[AIM OF THE TASK] Starting at the line that contains "Two boxes containing" and stopping at the line that contains "The Benchtop Sharpener", restate each line of the records below exactly. Omit the pictures.

Collected data:

========

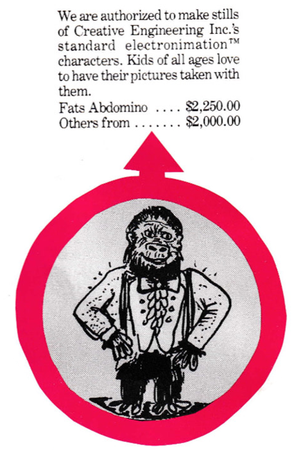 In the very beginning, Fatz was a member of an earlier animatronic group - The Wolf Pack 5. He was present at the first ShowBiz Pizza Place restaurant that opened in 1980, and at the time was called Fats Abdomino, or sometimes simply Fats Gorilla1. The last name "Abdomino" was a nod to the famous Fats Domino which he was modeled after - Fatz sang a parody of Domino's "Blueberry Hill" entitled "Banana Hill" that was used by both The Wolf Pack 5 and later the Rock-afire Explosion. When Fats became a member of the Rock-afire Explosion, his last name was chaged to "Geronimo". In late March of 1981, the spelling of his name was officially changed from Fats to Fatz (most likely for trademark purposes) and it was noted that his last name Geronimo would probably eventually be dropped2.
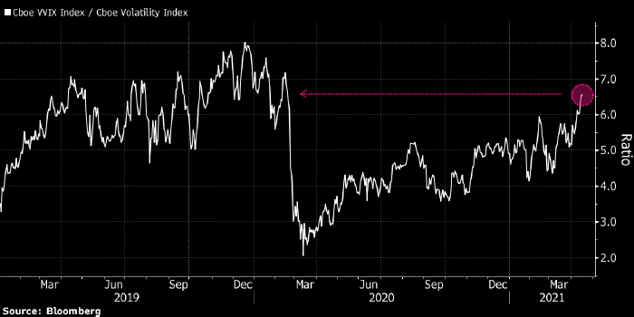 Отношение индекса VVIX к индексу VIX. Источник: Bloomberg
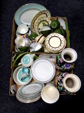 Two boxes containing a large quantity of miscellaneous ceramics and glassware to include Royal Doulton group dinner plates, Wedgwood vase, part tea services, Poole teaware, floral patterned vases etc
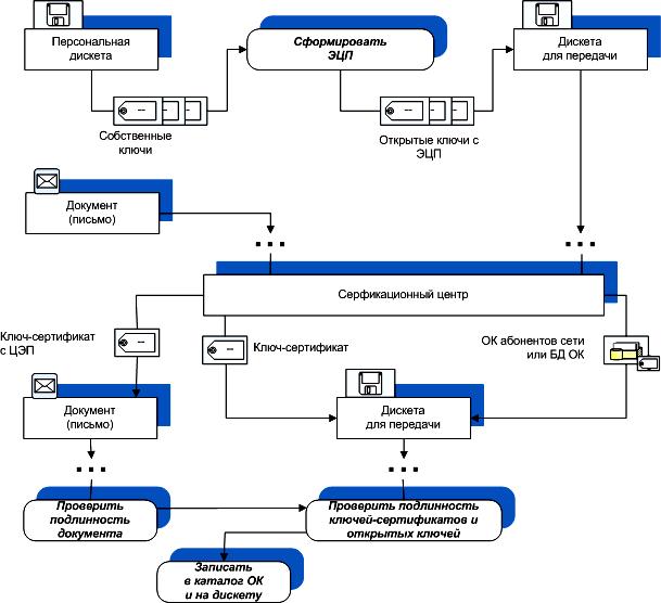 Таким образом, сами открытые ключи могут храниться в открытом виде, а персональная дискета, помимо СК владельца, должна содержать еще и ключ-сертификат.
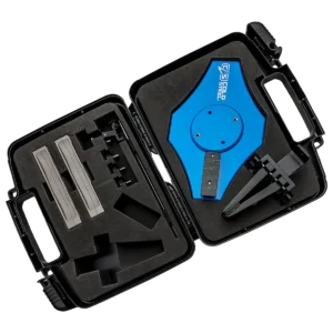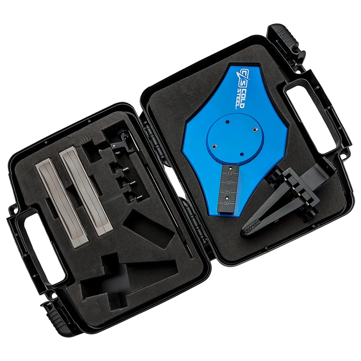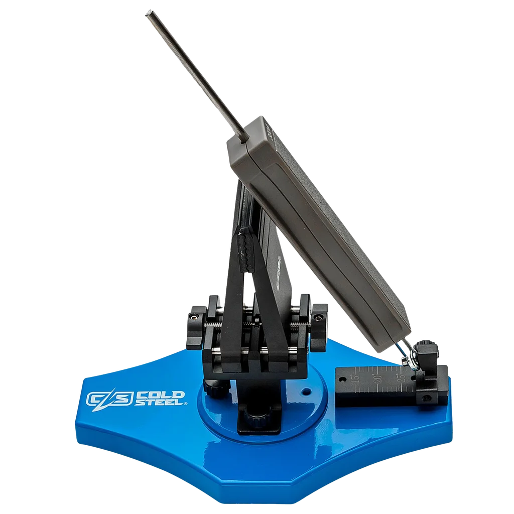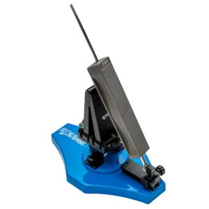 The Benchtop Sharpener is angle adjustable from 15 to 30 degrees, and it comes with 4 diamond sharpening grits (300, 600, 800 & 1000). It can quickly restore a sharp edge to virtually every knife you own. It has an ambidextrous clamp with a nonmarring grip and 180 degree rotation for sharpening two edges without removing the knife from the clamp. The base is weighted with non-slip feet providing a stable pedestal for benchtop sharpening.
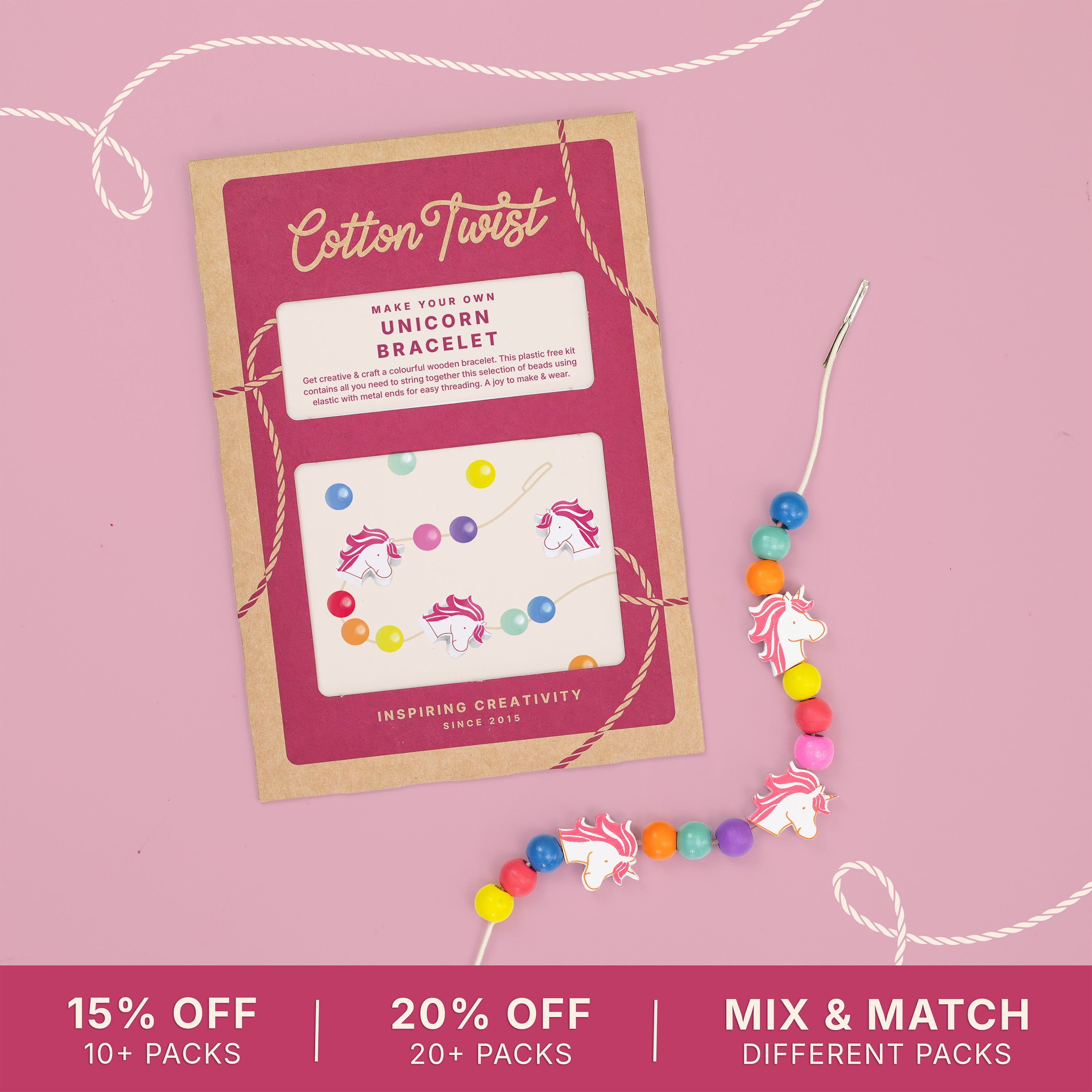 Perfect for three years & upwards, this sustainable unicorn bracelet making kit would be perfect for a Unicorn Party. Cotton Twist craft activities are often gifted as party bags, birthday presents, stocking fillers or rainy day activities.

========

[ANSWER FOR THIS EXERCISE]
 Two boxes containing a large quantity of miscellaneous ceramics and glassware to include Royal Doulton group dinner plates, Wedgwood vase, part tea services, Poole teaware, floral patterned vases etc
 Таким образом, сами открытые ключи могут храниться в открытом виде, а персональная дискета, помимо СК владельца, должна содержать еще и ключ-сертификат.
 The Benchtop Sharpener is angle adjustable from 15 to 30 degrees, and it comes with 4 diamond sharpening grits (300, 600, 800 & 1000). It can quickly restore a sharp edge to virtually every knife you own. It has an ambidextrous clamp with a nonmarring grip and 180 degree rotation for sharpening two edges without removing the knife from the clamp. The base is weighted with non-slip feet providing a stable pedestal for benchtop sharpening.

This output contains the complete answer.